Entries taken from a collection -
§ §

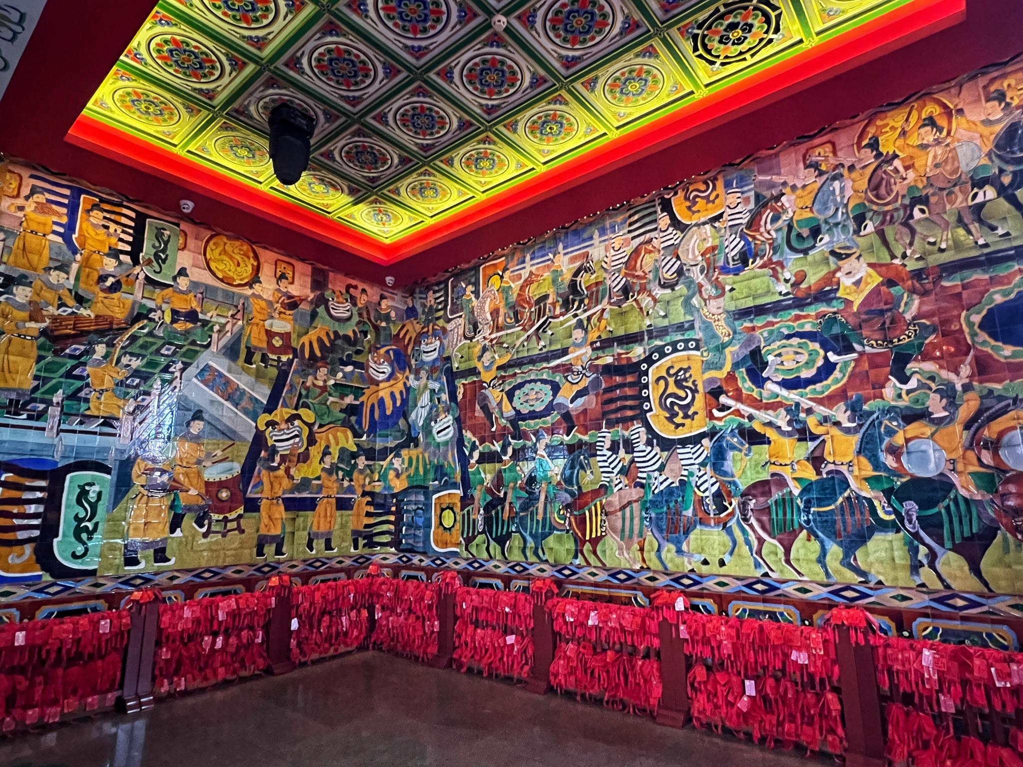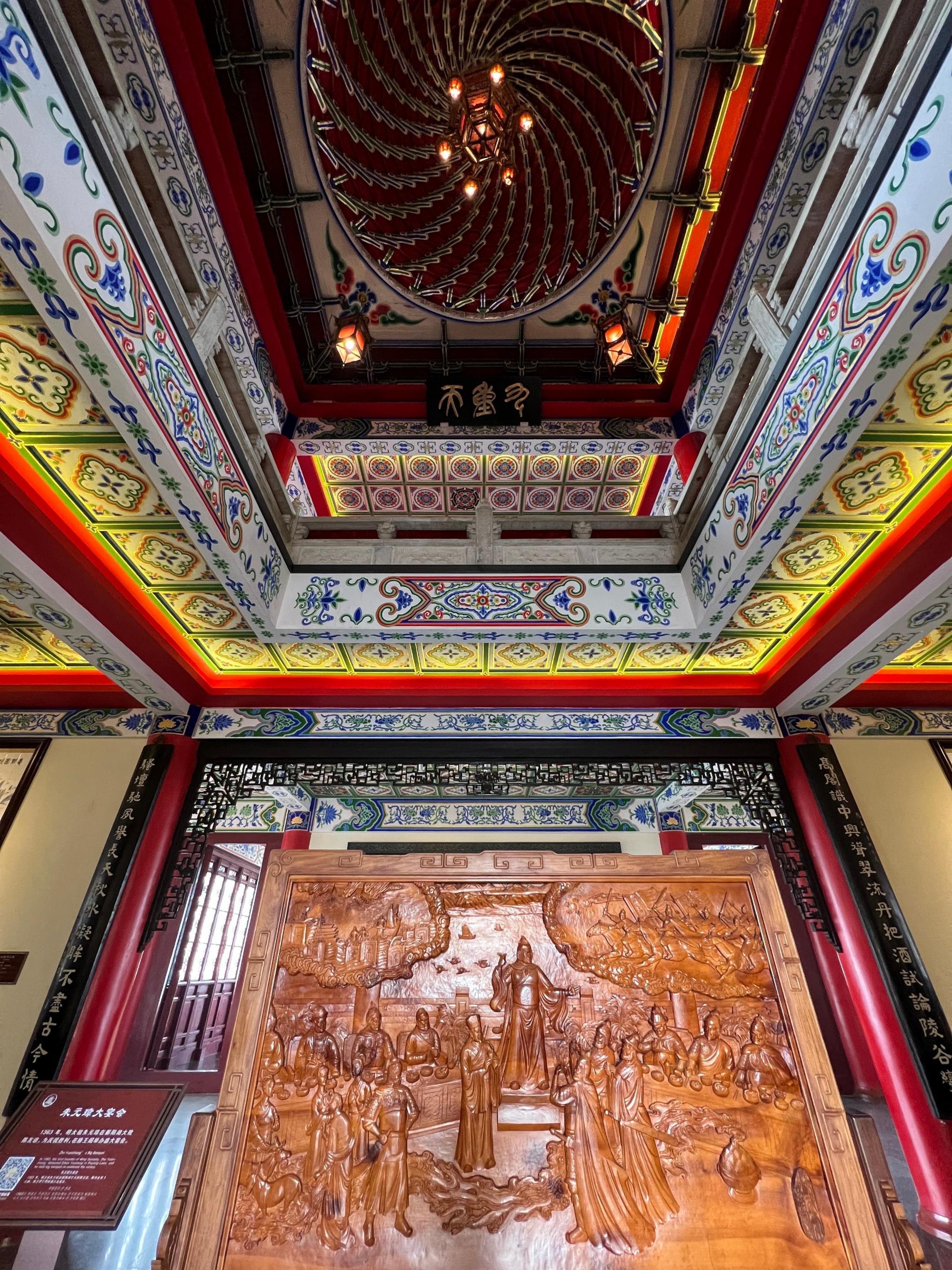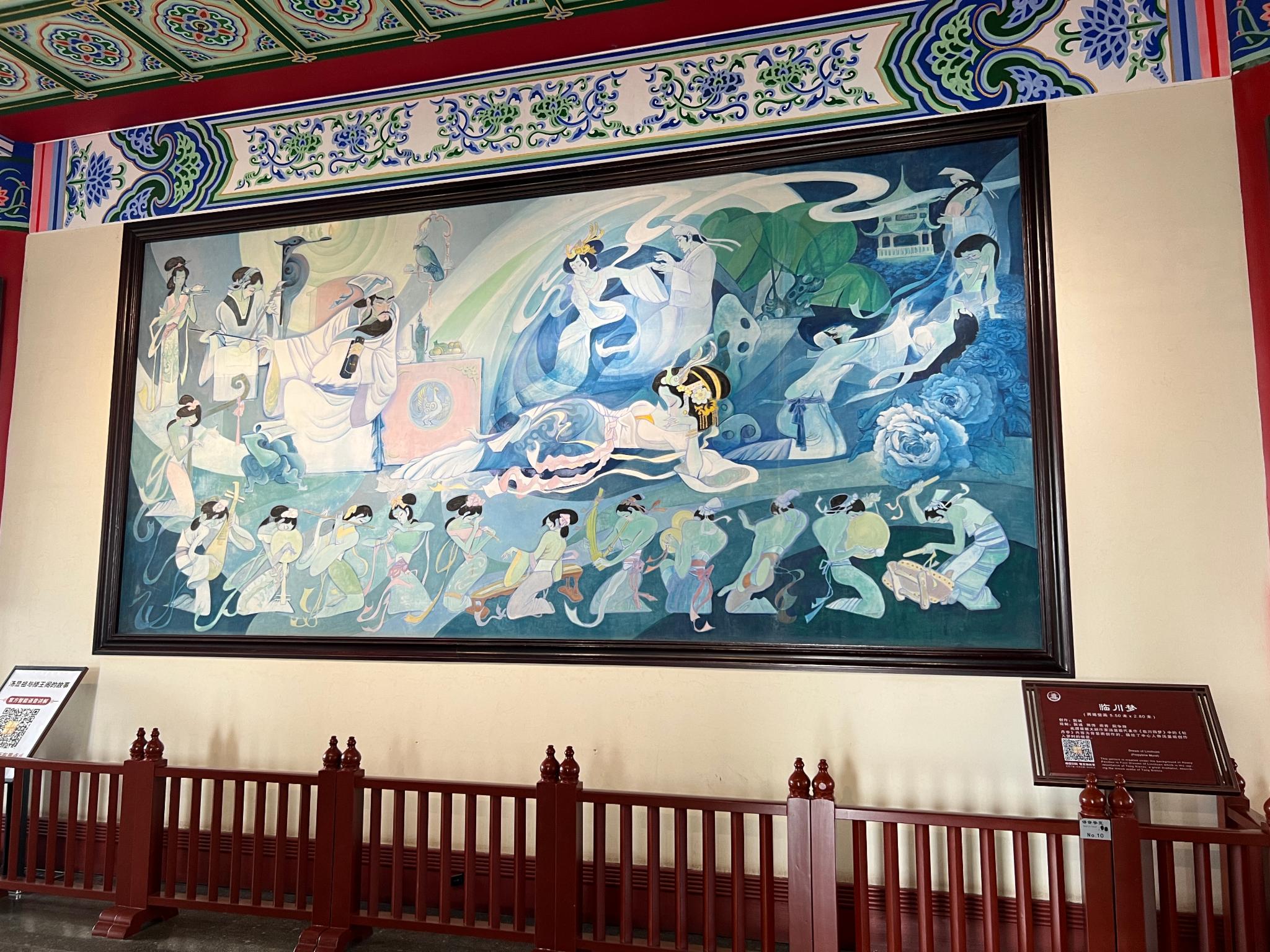 沿着楼梯上第二层,正厅是大型工笔重彩丙衡壁画《人杰图》,绘有自秦至明的80位领风骚的江西历代名人。
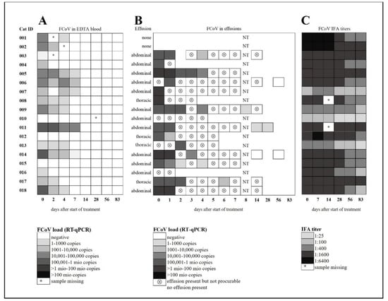 Feline coronavirus (FCoV) viral RNA loads in blood and effusion samples and serum anti-FCoV antibody titre measurements. (A) FCoV RNA loads in EDTA anticoagulated blood. (B) FCoV RNA loads in effusions. (C) Serum anti-FCoV antibody titres. FCoV RNA loads were determined by quantitative reverse transcriptase polymerase chain reaction (RT-qPCR) (A,B). Antibody titers were determined by indirect immunofluorescence assay (IFA). NT, not tested.
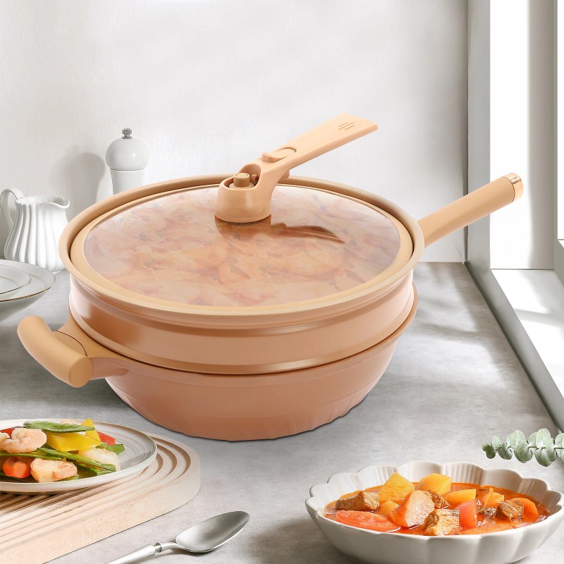 The art of cooking is all about time and heat. Our micro pressure cooker is made of high-quality aluminum alloy, creating a new kitchen experience that is efficient and convenient. It adopts micro-pressure technology, which greatly shortens the cooking time and preserves the original flavor of the ingredients. Simple operation allows you to enjoy the fun of cooking. Choosing it is choosing a time-saving, labor-saving, heart-saving healthy lifestyle!
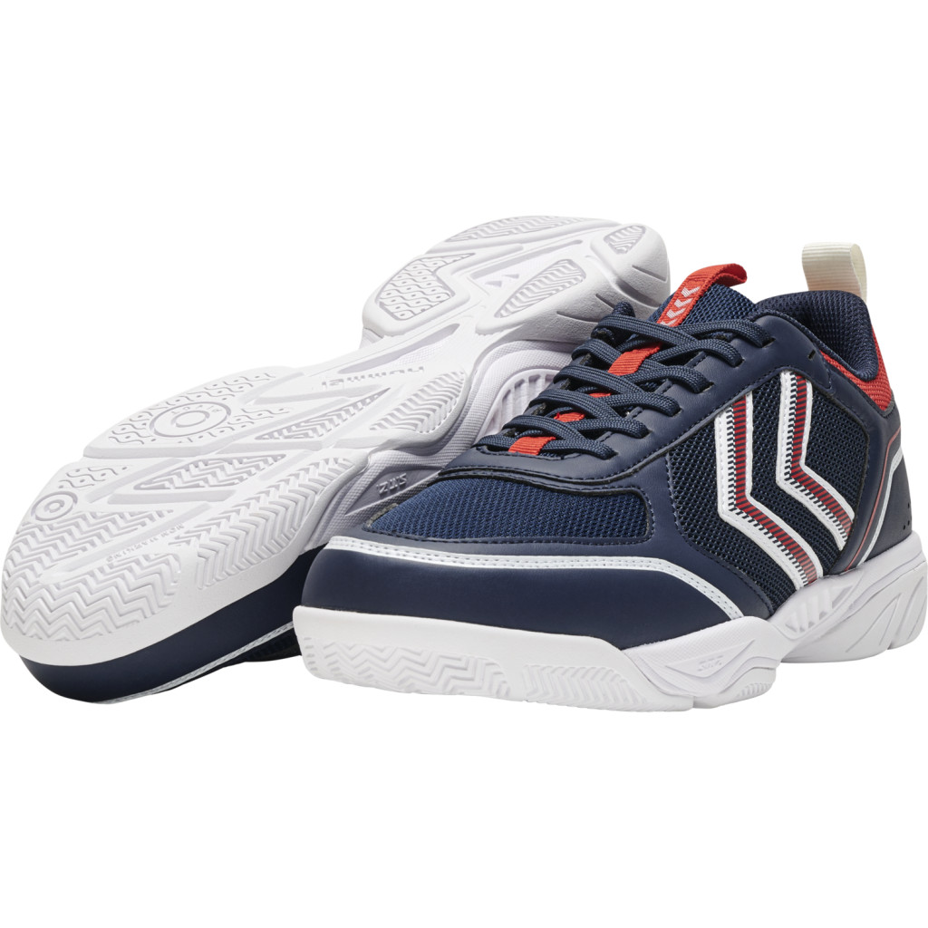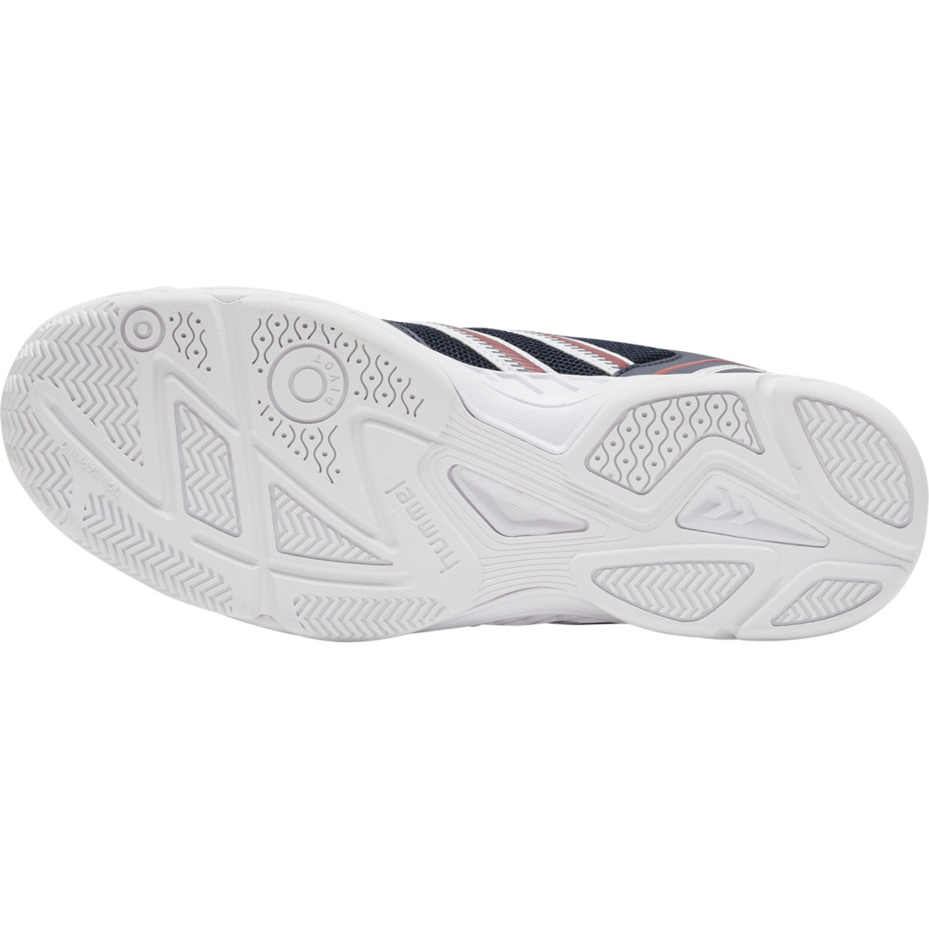 A hummel® AERO TEAM 2.0 egy sokoldalú beltéri sportcipő, amely ötvözi a fenntarthatóságot, a kényelmet és a teljesítményt. A felsőrész 100%-ban újrahasznosított, légáteresztő mesh anyagból készült, amit szintetikus fedőrétegek egészítenek ki a jobb tartás és forma megtartása érdekében.
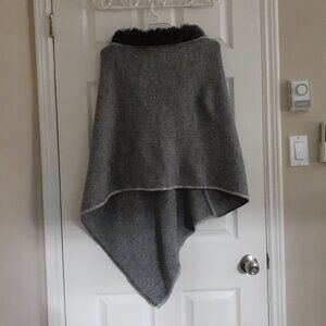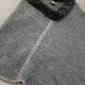 Fratelli Talli Gray Faux Fur Collar Wool Alpaca Knit Poncho
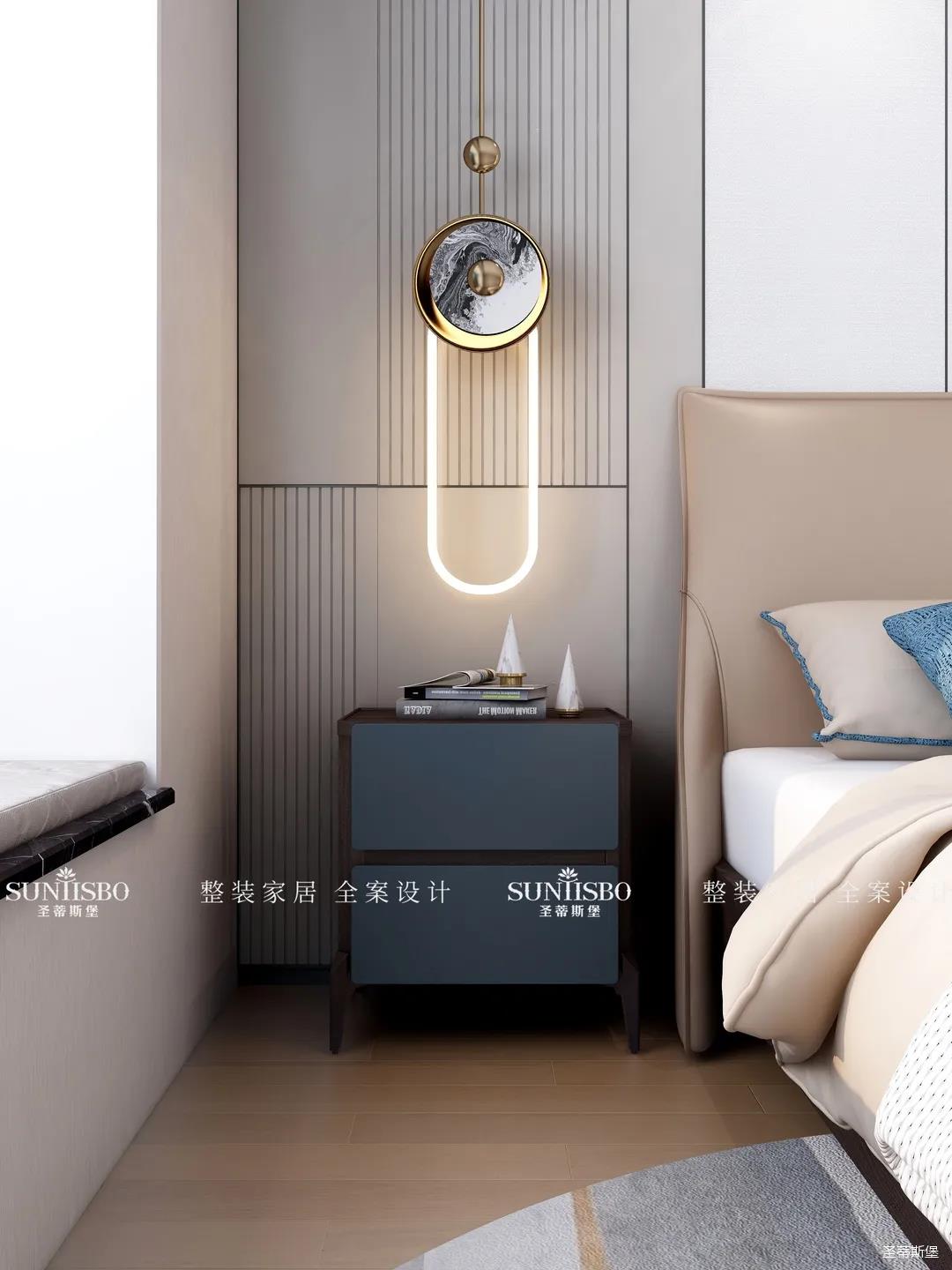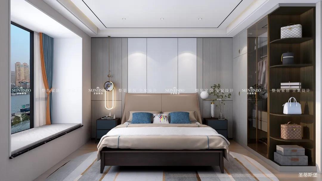 臥室把自然光線納入空間。穩重的淺咖色床屏搭配柔和的灰白護墻,渲染了空間去繁從簡的設計。品質精致的床品面料觸感自然柔軟,真皮質地的家具匹配空間氣質,為業主營造了舒適愜意的休憩空間。
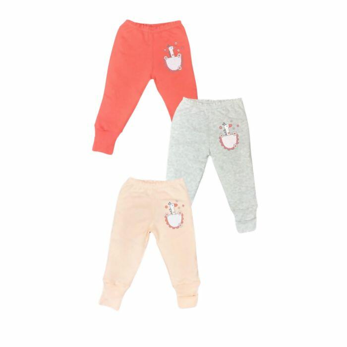 Kit com três calças em cores coordenadas com aplicação de girafa, confeccionadas em malha leve e macia, com cós elástico e punho na barra, garantindo conforto e praticidade. Peça essencial para compor enxovais e kits promocionais.
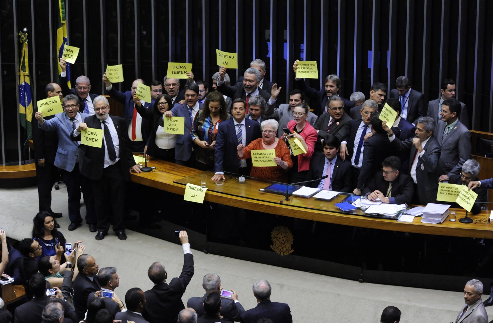 Ontem 24 de maio à noite, com a ausência de deputados da oposição, o plenário da Câmara dos Deputados aprovou seis medidas provisórias (MPs) que trancavam a pauta de votações da Casa. Este fato aconteceu devido à oposição ter decidido se retirar do plenário em protesto contra o decreto do presidente Michel Temer, que autorizou a presença das Forças Armadas nas ruas do Distrito Federal. A decisão de abandonar o plenário foi tomada por deputados do PT, PSOL, Rede, PDT, PCdoB e PMB.
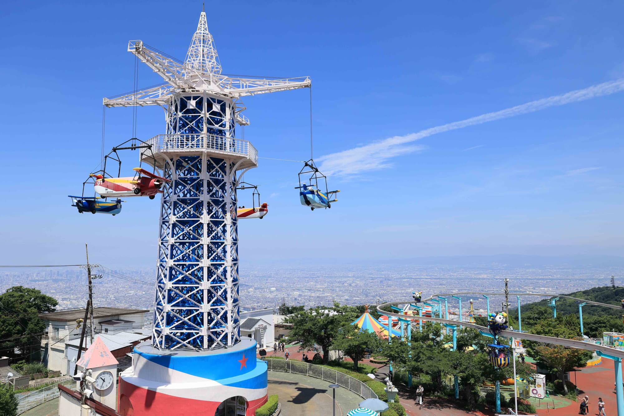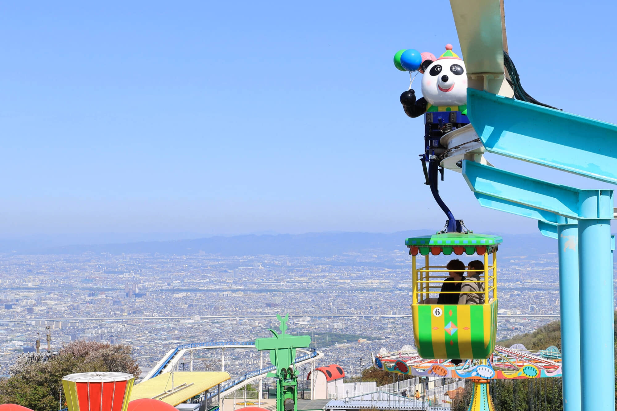 生駒山の山頂にある遊園地。「絶叫マシン」はありませんが「絶景マシン」があり、景色も楽しめる子どもから大人まで楽しめる遊園地です。
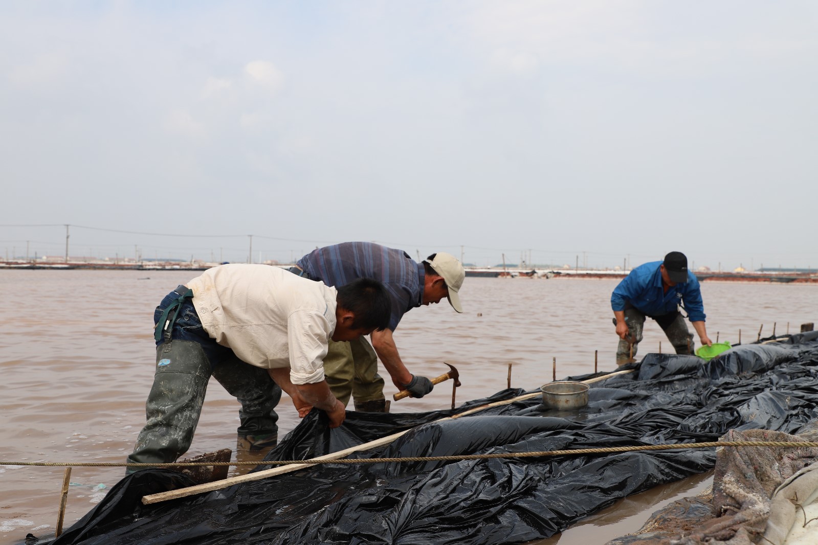 同心支援有溫度。受當(dāng)晚突發(fā)的狂風(fēng)暴雨強(qiáng)對流天氣,導(dǎo)致日曬制鹽公司38根電線桿被暴風(fēng)折斷、60塊結(jié)晶池塑布受損,20塊塑布需要更換,130余間值班房及機(jī)房屋頂瓦面損壞,給鹽業(yè)生產(chǎn)造成嚴(yán)重安全隱患。6月14日凌晨5點(diǎn),來自于該公司各條戰(zhàn)線近180人,支援搶險搶時搶工,進(jìn)行結(jié)晶池塑布安裝、廢棄物清理等工作;來自灌西供電所、徐南供電所的兄弟單位14名專業(yè)電工,第一時間到生產(chǎn)現(xiàn)場進(jìn)行清除電力故障、更換電線桿等電力工程作業(yè)。充分展現(xiàn)我們工投人在困難面前同力協(xié)契、踔厲奮發(fā)的拼搏精神,為企業(yè)高質(zhì)量的安全發(fā)展奠定堅實(shí)基礎(chǔ)。

§ §

Required action - The records above, minus their pictures, are to be returned word for word.

Result for this task -
 沿着楼梯上第二层,正厅是大型工笔重彩丙衡壁画《人杰图》,绘有自秦至明的80位领风骚的江西历代名人。
 Feline coronavirus (FCoV) viral RNA loads in blood and effusion samples and serum anti-FCoV antibody titre measurements. (A) FCoV RNA loads in EDTA anticoagulated blood. (B) FCoV RNA loads in effusions. (C) Serum anti-FCoV antibody titres. FCoV RNA loads were determined by quantitative reverse transcriptase polymerase chain reaction (RT-qPCR) (A,B). Antibody titers were determined by indirect immunofluorescence assay (IFA). NT, not tested.
 The art of cooking is all about time and heat. Our micro pressure cooker is made of high-quality aluminum alloy, creating a new kitchen experience that is efficient and convenient. It adopts micro-pressure technology, which greatly shortens the cooking time and preserves the original flavor of the ingredients. Simple operation allows you to enjoy the fun of cooking. Choosing it is choosing a time-saving, labor-saving, heart-saving healthy lifestyle!
 A hummel® AERO TEAM 2.0 egy sokoldalú beltéri sportcipő, amely ötvözi a fenntarthatóságot, a kényelmet és a teljesítményt. A felsőrész 100%-ban újrahasznosított, légáteresztő mesh anyagból készült, amit szintetikus fedőrétegek egészítenek ki a jobb tartás és forma megtartása érdekében.
 Fratelli Talli Gray Faux Fur Collar Wool Alpaca Knit Poncho
 臥室把自然光線納入空間。穩重的淺咖色床屏搭配柔和的灰白護墻,渲染了空間去繁從簡的設計。品質精致的床品面料觸感自然柔軟,真皮質地的家具匹配空間氣質,為業主營造了舒適愜意的休憩空間。
 Kit com três calças em cores coordenadas com aplicação de girafa, confeccionadas em malha leve e macia, com cós elástico e punho na barra, garantindo conforto e praticidade. Peça essencial para compor enxovais e kits promocionais.
 Ontem 24 de maio à noite, com a ausência de deputados da oposição, o plenário da Câmara dos Deputados aprovou seis medidas provisórias (MPs) que trancavam a pauta de votações da Casa. Este fato aconteceu devido à oposição ter decidido se retirar do plenário em protesto contra o decreto do presidente Michel Temer, que autorizou a presença das Forças Armadas nas ruas do Distrito Federal. A decisão de abandonar o plenário foi tomada por deputados do PT, PSOL, Rede, PDT, PCdoB e PMB.
 生駒山の山頂にある遊園地。「絶叫マシン」はありませんが「絶景マシン」があり、景色も楽しめる子どもから大人まで楽しめる遊園地です。
 同心支援有溫度。受當(dāng)晚突發(fā)的狂風(fēng)暴雨強(qiáng)對流天氣,導(dǎo)致日曬制鹽公司38根電線桿被暴風(fēng)折斷、60塊結(jié)晶池塑布受損,20塊塑布需要更換,130余間值班房及機(jī)房屋頂瓦面損壞,給鹽業(yè)生產(chǎn)造成嚴(yán)重安全隱患。6月14日凌晨5點(diǎn),來自于該公司各條戰(zhàn)線近180人,支援搶險搶時搶工,進(jìn)行結(jié)晶池塑布安裝、廢棄物清理等工作;來自灌西供電所、徐南供電所的兄弟單位14名專業(yè)電工,第一時間到生產(chǎn)現(xiàn)場進(jìn)行清除電力故障、更換電線桿等電力工程作業(yè)。充分展現(xiàn)我們工投人在困難面前同力協(xié)契、踔厲奮發(fā)的拼搏精神,為企業(yè)高質(zhì)量的安全發(fā)展奠定堅實(shí)基礎(chǔ)。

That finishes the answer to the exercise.